Researchers Kazi Kabir, Nasrin Akhter, and Amarda Shehu study the structural dynamics that come from repeated Molecular Dynamics simulations.
by Yash Arora
Currently, there are few ways to see the different structures that molecules such as peptides or proteins assume. With the use of Molecular Dynamics (MD) simulations, it is easier to understand how these molecules form tertiary structures, but many rounds of MD simulations are required to get an accurate representation of the different structures. A new study by Kazi Kabir, Nasrin Akhter, and Amarda Shehu, researchers at George Mason University, allows one to get the structural dynamics that come from these repeated MD simulations by finding the relation between stable and semi-stable structures of protein molecules and by looking at the energy landscape, or distribution of energy levels, of the molecule.
Before anything is done, Markov state models (MSM) are used to integrate the different MD simulations. A Markov model is a type of model that uses as input only the current state, and not any states before it. In this case, the MSM uses as input the different structures of the molecule that occurred at different timesteps, and the amount of time in between each structure state. To map a structure to a usable form (one that can be used in programming), the Cartesian coordinates of the structure are taken. Other ways that the structure is often taken include using the angles that they are oriented at in different states.
To complete the MSM, different linear transformation techniques are used, the different molecular structures are grouped or clustered. The clustering of different structures is known as space state discretization. The research group uses the aforementioned energy landscape to group the different structures. Finally, the MSM is tested to see if it is viable to use.
The group used a Python library called PyEMMA to build the MSM and evaluate different methods of space state discretization. The first method, or the Community Detection Method, was to group different structures based on how close the different structures were to each other. This was done by creating a graph known as a a nearest-neighbor graph (nngraph). It measured the distance between different structures as they moved in the landscape. The distance was measured using root-mean-squared-deviation (RMSD), and two structures had an edge between them in the graph if their distance was below a certain threshold.
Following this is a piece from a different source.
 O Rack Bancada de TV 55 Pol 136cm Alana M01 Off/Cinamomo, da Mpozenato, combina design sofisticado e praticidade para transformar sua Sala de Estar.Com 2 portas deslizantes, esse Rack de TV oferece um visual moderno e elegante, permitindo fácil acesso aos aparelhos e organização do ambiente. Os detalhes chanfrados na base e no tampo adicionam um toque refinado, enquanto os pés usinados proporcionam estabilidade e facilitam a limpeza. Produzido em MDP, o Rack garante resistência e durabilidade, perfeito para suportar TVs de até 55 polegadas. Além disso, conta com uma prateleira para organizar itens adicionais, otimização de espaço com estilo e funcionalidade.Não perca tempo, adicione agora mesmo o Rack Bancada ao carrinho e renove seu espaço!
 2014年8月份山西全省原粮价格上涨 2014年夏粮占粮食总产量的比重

Another method the group used was to use the energy landscape of different structures. Certain structures (namely stable and semi-stable structures) created basins in the landscape that could be used to cluster structures. Once again, the group used nngraphs, but this time based them on energy landscapes and not by using RMSD. Using this nngraph, the group built MSMs for testing.
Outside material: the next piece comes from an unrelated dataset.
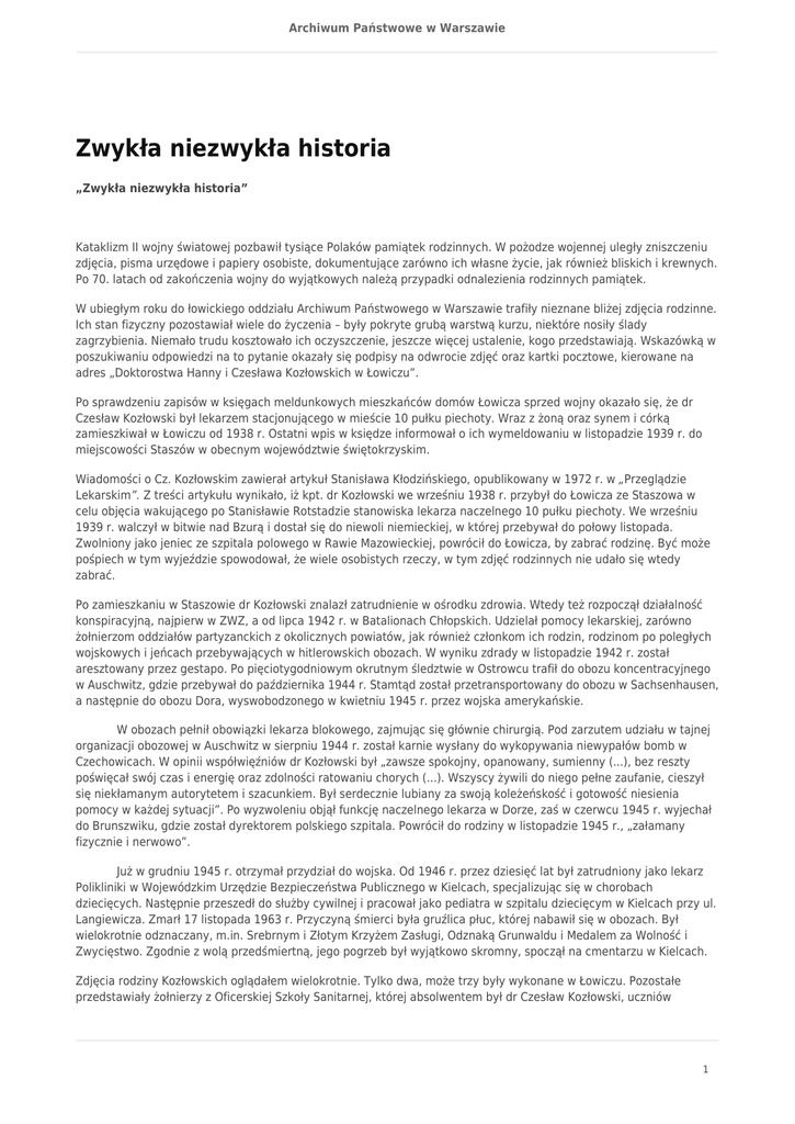 Archiwum Państwowe w Warszawie Zwykła niezwykła historia „Zwykła niezwykła historia” Kataklizm II wojny światowej pozbawił tysiące Polaków pamiątek rodzinnych. W pożodze wojennej uległy zniszczeniu zdjęcia, pisma urzędowe i papiery osobiste, dokumentujące zarówno ich własne życie, jak również bliskich i krewnych. Po 70. latach od zakończenia wojny do wyjątkowych należą przypadki odnalezienia rodzinnych pamiątek. W ubiegłym roku do łowickiego oddziału Archiwum Państwowego w Warszawie trafiły nieznane bliżej zdjęcia rodzinne. Ich stan fizyczny pozostawiał wiele do życzenia – były pokryte grubą warstwą kurzu, niektóre nosiły ślady zagrzybienia. Niemało trudu kosztowało ich oczyszczenie, jeszcze więcej ustalenie, kogo przedstawiają. Wskazówką w poszukiwaniu odpowiedzi na to pytanie okazały się podpisy na odwrocie zdjęć oraz kartki pocztowe, kierowane na adres „Doktorostwa Hanny i Czesława Kozłowskich w Łowiczu”. Po sprawdzeniu zapisów w księgach meldunkowych mieszkańców domów Łowicza sprzed wojny okazało się, że dr Czesław Kozłowski był lekarzem stacjonującego w mieście 10 pułku piechoty. Wraz z żoną oraz synem i córką zamieszkiwał w Łowiczu od 1938 r. Ostatni wpis w księdze informował o ich wymeldowaniu w listopadzie 1939 r. do miejscowości Staszów w obecnym województwie świętokrzyskim. Wiadomości o Cz. Kozłowskim zawierał artykuł Stanisława Kłodzińskiego, opublikowany w 1972 r. w „Przeglądzie Lekarskim”. Z treści artykułu wynikało, iż kpt. dr Kozłowski we wrześniu 1938 r. przybył do Łowicza ze Staszowa w celu objęcia wakującego po Stanisławie Rotstadzie stanowiska lekarza naczelnego 10 pułku piechoty. We wrześniu 1939 r. walczył w bitwie nad Bzurą i dostał się do niewoli niemieckiej, w której przebywał do połowy listopada. Zwolniony jako jeniec ze szpitala polowego w Rawie Mazowieckiej, powrócił do Łowicza, by zabrać rodzinę. Być może pośpiech w tym wyjeździe spowodował, że wiele osobistych rzeczy, w tym zdjęć rodzinnych nie udało się wtedy zabrać. Po zamieszkaniu w Staszowie dr Kozłowski znalazł zatrudnienie w ośrodku zdrowia. Wtedy też rozpoczął działalność konspiracyjną, najpierw w ZWZ, a od lipca 1942 r. w Batalionach Chłopskich. Udzielał pomocy lekarskiej, zarówno żołnierzom oddziałów partyzanckich z okolicznych powiatów, jak również członkom ich rodzin, rodzinom po poległych wojskowych i jeńcach przebywających w hitlerowskich obozach. W wyniku zdrady w listopadzie 1942 r. został aresztowany przez gestapo. Po pięciotygodniowym okrutnym śledztwie w Ostrowcu trafił do obozu koncentracyjnego w Auschwitz, gdzie przebywał do października 1944 r. Stamtąd został przetransportowany do obozu w Sachsenhausen, a następnie do obozu Dora, wyswobodzonego w kwietniu 1945 r. przez wojska amerykańskie. W obozach pełnił obowiązki lekarza blokowego, zajmując się głównie chirurgią. Pod zarzutem udziału w tajnej organizacji obozowej w Auschwitz w sierpniu 1944 r. został karnie wysłany do wykopywania niewypałów bomb w Czechowicach. W opinii współwięźniów dr Kozłowski był „zawsze spokojny, opanowany, sumienny (...), bez reszty poświęcał swój czas i energię oraz zdolności ratowaniu chorych (...). Wszyscy żywili do niego pełne zaufanie, cieszył się niekłamanym autorytetem i szacunkiem. Był serdecznie lubiany za swoją koleżeńskość i gotowość niesienia pomocy w każdej sytuacji”. Po wyzwoleniu objął funkcję naczelnego lekarza w Dorze, zaś w czerwcu 1945 r. wyjechał do Brunszwiku, gdzie został dyrektorem polskiego szpitala. Powrócił do rodziny w listopadzie 1945 r., „załamany fizycznie i nerwowo”. Już w grudniu 1945 r. otrzymał przydział do wojska. Od 1946 r. przez dziesięć lat był zatrudniony jako lekarz Polikliniki w Wojewódzkim Urzędzie Bezpieczeństwa Publicznego w Kielcach, specjalizując się w chorobach dziecięcych. Następnie przeszedł do służby cywilnej i pracował jako pediatra w szpitalu dziecięcym w Kielcach przy ul. Langiewicza. Zmarł 17 listopada 1963 r. Przyczyną śmierci była gruźlica płuc, której nabawił się w obozach. Był wielokrotnie odznaczany, m.in. Srebrnym i Złotym Krzyżem Zasługi, Odznaką Grunwaldu i Medalem za Wolność i Zwycięstwo. Zgodnie z wolą przedśmiertną, jego pogrzeb był wyjątkowo skromny, spoczął na cmentarzu w Kielcach. Zdjęcia rodziny Kozłowskich oglądałem wielokrotnie. Tylko dwa, może trzy były wykonane w Łowiczu. Pozostałe przedstawiały żołnierzy z Oficerskiej Szkoły Sanitarnej, której absolwentem był dr Czesław Kozłowski, uczniów 1 Archiwum Państwowe w Warszawie gimnazjum w Kielcach oraz członków rodziny i przyjaciół jego żony Hanny. Były też fotografie obojga małżonków, wykonane w Warszawie, Konstancinie i Staszowie, a na końcu ich dzieci – Tadeusza i Marii. Im dłużej przyglądałem się zdjęciom, tym większego nabierałem przekonania, że mogą stanowić dla rodziny dra. Kozłowskiego bardzo cenna pamiątkę. Otwartym pozostawało pytanie, czy ktoś z tej rodziny żyje, a jeżeli tak, to gdzie. Dzięki pomocy dyrektora Wydziału Spraw Obywatelskich Urzędu Miasta Kielce udało się odnaleźć adres córki Czesława i Hanny Kozłowskich, Pani Marii Uznańskiej, do której napisałem list z prośbą o skontaktowanie się w sprawie posiadanych zdjęć. Zadzwoniła po kilku dniach. Była wzruszona i nie kryła zaskoczenia perspektywą otrzymania nieznanych jej zdjęć. Obiecałem przesłać je możliwie szybko. Pani Uznańska zatelefonowała z podziękowaniami po otrzymaniu przesyłki. Okazało się, że niektóre sfotografowane miejsca, a nawet meble są jej świetnie znane. Czułem wielką satysfakcję, że odnaleziono i przywrócono rodzinie tak cenne pamiątki, które są dla jej członków prawdziwym skarbem, w którym ukryta jest pamięć o najbliższych i ich życiu. Marek Wo

By using their methods of space state discretization and comparing to the k-means clustering method that is pre-built into PyEmma, the group was able to test their findings. Both models beat the k-means clustering model, and the basin model even did it in only 700 steps. Thus, the group concludes that the basin model seems to be better than the built-in clustering methods in PyEMMA to use to look at the structural dynamics of biological molecules.